An interesting thing happened on Monday when I phoned my dad to tell him that Father’s Day would not, this year, include the normal feast of roast and all the trimmings!  Yeah I know, selfish much?  Anyway, my dad’s comment, at the end of my long explanation, was that it was fine because he doesn’t live to eat, he eats to live.  Love that! 

Day 2 started off all guns blazing!  Divine seriously put me through my paces!  (Divine, my beauties, is also known in MMA circles as Divine “The Hitman” Volontiya – clearly I’ve lost my frikking mind)!  Today involved skipping (Sounds like fun right?  Wrong!), loads of kicking and other exhausting shit.  I have to say though that the stretching at the end, when he bends me into all sorts of angles, is really awesome.  Not elegant.  But awesome.

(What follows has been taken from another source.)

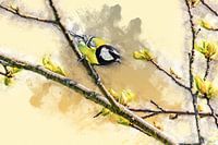 Digitaal mixed media kunstwerk van een mannetjes koolmeesje op een tak, tussen de gele bloesem.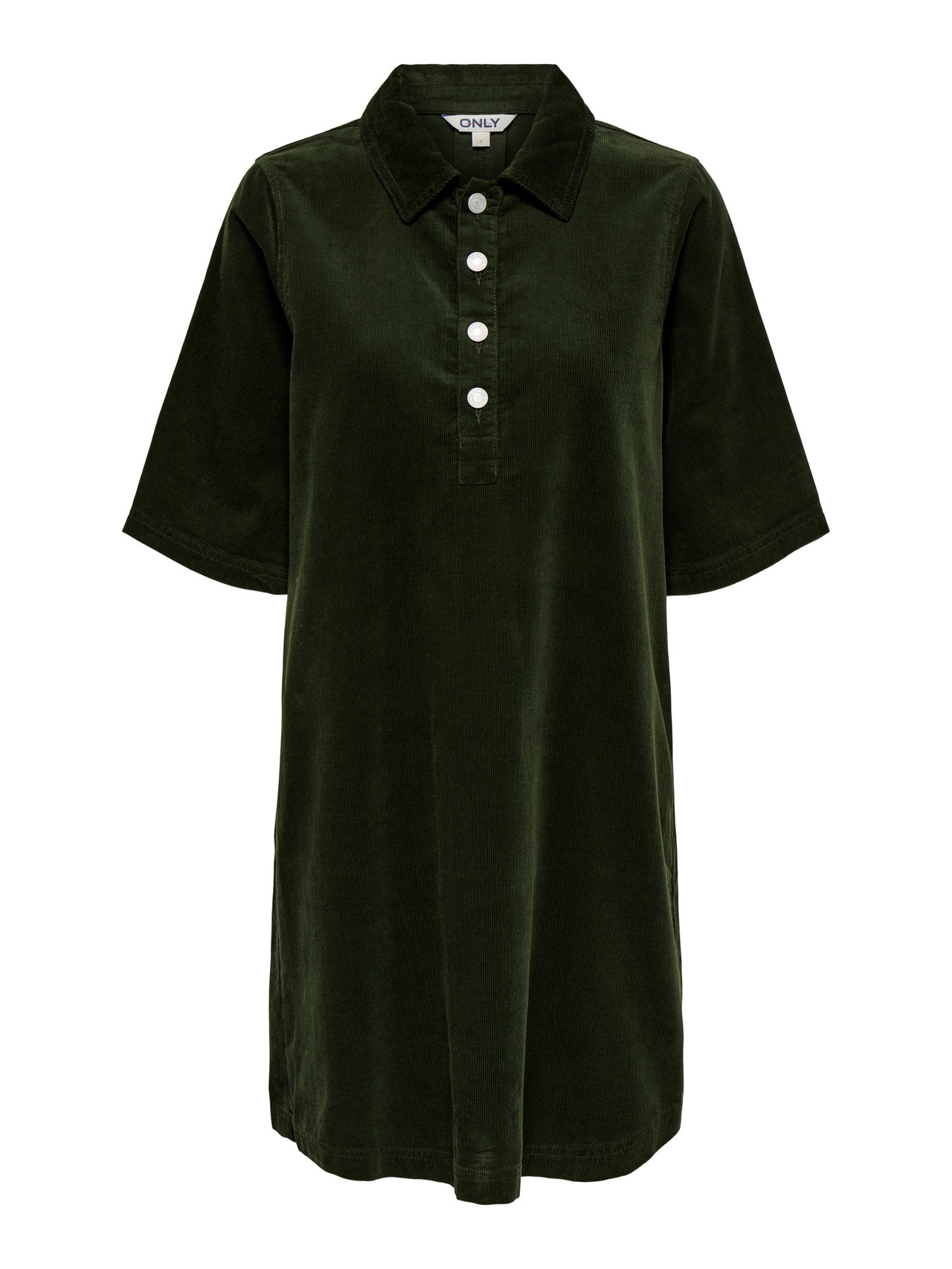 Get ready for work, school, or any other activity with an easy to style, everyday dress. Corduroy is a sturdier material known for its ridged and velvety surface which creates a soft feel and a timeless look. - Product Type : Dress - Neck : Shirt collar - Sleeve : Short sleeves - Closing : Button fastening - Fit : Oversize Fit

After complaining bitterly and ad nauseum (haha) about the eggs, Divine said I could switch to peanut butter. I am beyond thrilled!  Who thought I would be ecstatic at the thought of peanut butter?  All was going great guns – oats, peanut butter rice cakes, water, detox tea – and I demolished my fruit salad practically in a single bound (all Hulk like).  However, that was when Steve messaged me to say he could only eat half his fruit salad – HE WAS TOO FULL!  I admit, I got a little grumpy for a minute or six but, under the pressure of a lot of bitching from my side, he finished it and all was forgiven!
It was around then that my body started fighting back.  I found that if I stayed absolutely motionless, I was fine.  The problem arose when I moved. Or breathed.  Unfortunately, due to the fact that I am currently drinking water for the Republic, unless a bedpan is brought into my office I have no choice but to move. Sink or swim they say.  Pffft!   So I did the hobbleshufflelimp (technical term) to and from the loo and the kitchen – each time wondering why the hell I am doing this. 

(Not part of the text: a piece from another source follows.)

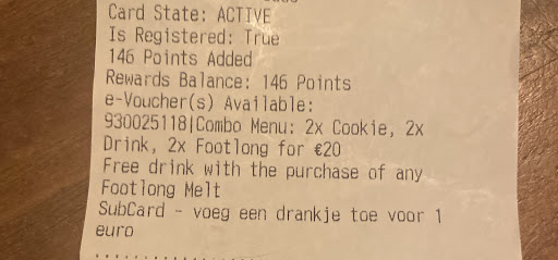 Read moreI use their app which is very buggy. It offered me a special of two foot longs, two drinks and two cookies for 20 eur. So I went there and ordered. They refused to honor the special citing the general terms state they are not part of the special (looking at the app terms it took three clicks and zooming in to see some tiny exceptions). They charged me 24 eur for only 2 subs.

Something other pearls of wisdom Divine passed on to me: he said that women have incredible resolve, and in his experience when we set a goal, we do whatever it takes to reach it.  Awesome.  If I fail, I am failing the female species.  No pressure!

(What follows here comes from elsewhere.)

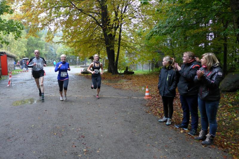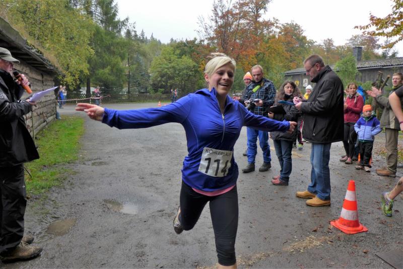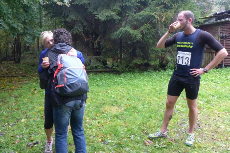 Dafür, dass die Börners gerne unbekannte Läufe testen um dann im nächsten Jahr vielleicht den Rest der Bode-Runners zu begeistern, sind sie verschrieben. Der Köhlerlauf, ausgetragen von der Harzköhlerei Stemberghaus, war mit seiner fünften Auflage noch nicht ganz den Kinderschuhen entwachsen. Der wunderschöne Rundkurs durch das Harzer Land, unweit von Pullman City und Rappbodetalsperre, hätte durchaus ein größeres Teilnehmerfeld verdient. Hier wurde zum Start mit dem Horn geblasen und wer am Ende zu den glücklichen Gewinnern gehörte, der erntete auch echt „Köhler-typische“ Produkte. So erlief sich die Gewinnerin über 10,5 Kilometer (Luisa Merkel, Nordischer Skiverein) gleich einen riesigen Sack Holzkohle für die nächste Grillsaison, während Yvonne Garnatz (Medansports Leipzig) die hochprozentige Holzkohle in verflüssigter Form überreicht bekam. Garnatz mit noch wenig Wettkampferfahrung, war zur Verstärkung der Gaensefurther aufgelaufen. Das schnelle Anfangstempo schockte, doch mit zunehmender Streckenlänge relativierte sich die Geschwindigkeit. Mit Lutz Schindler vom MSV Halberstadt fand sie dann das richtige Tempo, was sie bis zum Ziel halten konnte. Einstiger Bode-Runners Florian Börner rannte wie in alten Zeiten mit seinem Vater um die Wette. Aber das Rennen dauerte nicht lange an, hatte Börner Senior doch auch vom hinteren Streckenfeld noch Fotos zu machen. Nach dem Zieleinlauf waren sich alle einig: Ein weiterer schöner Harzlauf zum weitersagen…

Our first supper of steamed fish and raw veggies did not go as well as I imagined!  The fish was fine.  Some thyme, a little black pepper and a splodge of lemon  - it was actually quite tasty.  However I cannot understand what inspired some moron who perchance happened to stand in a field of broccoli (do they grow in fields or in Satan’s lair?) to think gosh golly, these green tree things look yummy.   So I hereby present proof that there was broccoli in my house.  Last time.  Ever. 

Wednesday morning saw the introduction of my worst nightmare.  An ab workout.  Now just so that you know, all through my gym sessions over the last year and a bit I have worked everything EXCEPT my abs!  I always seem to conveniently “run out of time” – thus resulting in the bakers dozen sitting around my middle.  This horrified the Hitman whom, I believe, has made it his personal crusade to ensure that I end up with seriaaas abs when he is done with me.  I gasped and grunted my way through the session, ending with a 10 minute sprint up Kilimanjaro (ok it was a jog at level 8, on an incline of 2 but still).   Divine also warned me that I should expect, at any moment, a breakout of note.  So probably by the end of the week I will be rocking the full complement of hobbleshufflelimp, a pimple covered face and my tummy yelling out at intervals “what the fuck dude???”. 
So 4 training sessions, and 3 detox days and my resolve is still strong – even if the body is taking strain.  I have also resorted to doing the stick / carrot thing – at the end of the 3 week detox we are going to Bloemendal for supper.  Bloemendal serves cooked vegetables.  Just saying!